*** Available data ***

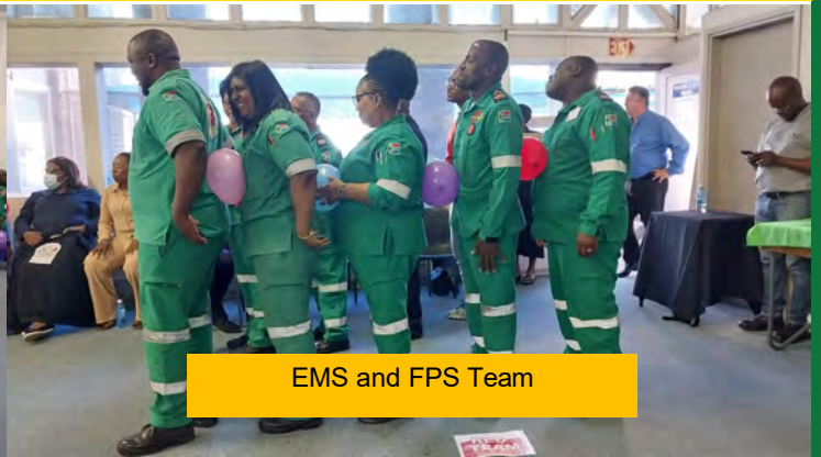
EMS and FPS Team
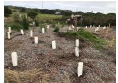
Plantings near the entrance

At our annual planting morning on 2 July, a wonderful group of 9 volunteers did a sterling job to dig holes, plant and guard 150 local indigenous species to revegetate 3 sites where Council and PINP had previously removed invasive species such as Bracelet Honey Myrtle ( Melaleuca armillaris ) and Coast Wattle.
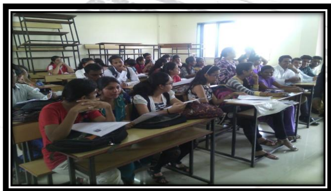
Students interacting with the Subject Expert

*** End of Available data ***
*** Available data ***

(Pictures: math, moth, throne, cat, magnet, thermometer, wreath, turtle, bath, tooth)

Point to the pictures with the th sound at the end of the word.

*** End of Available data ***

The required answer is the run of lines above, starting at the line with "turtle, bath, tooth)" and ending at the line with "Point to the", reproduced exactly with both ends.

# Response to the task
(Pictures: math, moth, throne, cat, magnet, thermometer, wreath, turtle, bath, tooth)

Point to the pictures with the th sound at the end of the word.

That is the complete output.